Economists Guess As Fed Meets Despite A Slowing Economy And Strong Stock Market, Some Analysts Still Worry About Interest Rates

Associated Press

Wall Street has been positively giddy of late because of a growing belief that the Federal Reserve has finished raising interest rates. Stocks hit another record high Monday, but many private economists said the euphoria may be premature.

The view that the Fed has achieved its hoped-for “soft landing” helped to spur rallies in stock and bond markets in advance of today’s closed-door meeting of Fed policy-makers.

The markets believe widespread signs of an economic slowdown could make the Fed’s February rate increase, the seventh in a year, the last. There was more evidence of a slowdown Monday with a report that sales of existing homes plunged 5 percent in February.

This added evidence of a slowdown helped push the Dow Jones industrial average to a new high of 4,157.34, a gain of 18.67 points. Monday’s increase followed a 50.84 gain on Friday.

Heavy demand for bonds helped push the rate on Treasury’s benchmark 30-year bond to a ninemonth low of 7.31 percent, down sharply from a November high of 8.18 percent.

But many private economists, while not looking for a rate increase this week, said recent signs of weakness in interest-sensitive sectors such as home sales could represent only a pause that will be followed by renewed strength.

“The Fed is patting itself on the back right now. Policy-makers think the soft landing is at hand, but I think they are premature. I am looking for a pause and then a rebound,” said David Jones, an economist at Aubrey G. Lanston & Co.

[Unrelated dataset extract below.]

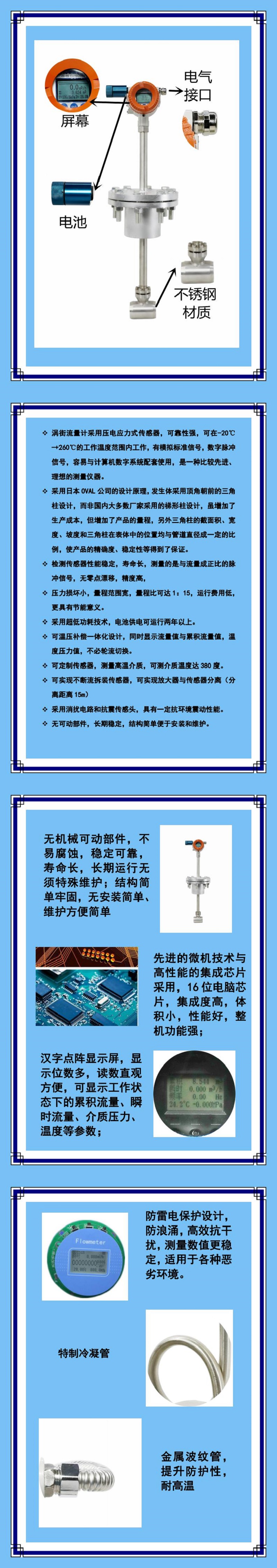 DYUCB型插入式渦街流量計可廣泛的適用于各個(gè)行業(yè)大口徑氣體、液體、蒸汽流量等的計量,也可測量含有微小顆粒、雜質(zhì)的渾濁液體,分經(jīng)濟型和精密型兩類(lèi)。
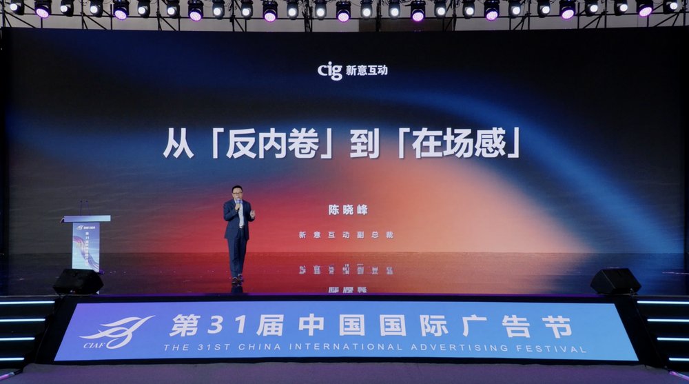 作为数字营销领域的积极探索者,新意互动在此次大会上展示了其在品牌跃迁领域的创新思考与实践案例。公司副总裁陈晓峰受邀参与主论坛,并发表主题演讲《从「反内卷」到「在场感」——以「在场感」实现品牌跃迁》。在演讲中,他以“小西天景区因游戏爆火”作为切入点,通过多个实践案例剖析,阐述了品牌营销在市场竞争加剧背景下的转型方向和应对策略,为品牌如何在当下市场环境中通过“在场感”实现跃迁提供了全新解法。

Jones and other analysts predicted the Fed would remain on the sidelines at this meeting but could resume raising rates at its next session of the Federal Open Market Committee May 23.

“The conventional wisdom is that interest rates aren’t going any higher, but I believe there will be a snap-back in consumer spending that will keep the economy growing at a faster pace than the Fed’s target for sustainable growth,” said Eugene Sherman, chief economist at M.A. Schapiro & Co. in New York.

Not all economists agreed with this rising-rate scenario. Some said they believe the economy is slowing to a pace that will keep inflation under control and thus allow the central bank to stay on the sidelines.

The most optimistic are even forecasting that the Fed could start cutting interest rates either late this year or early in 1996.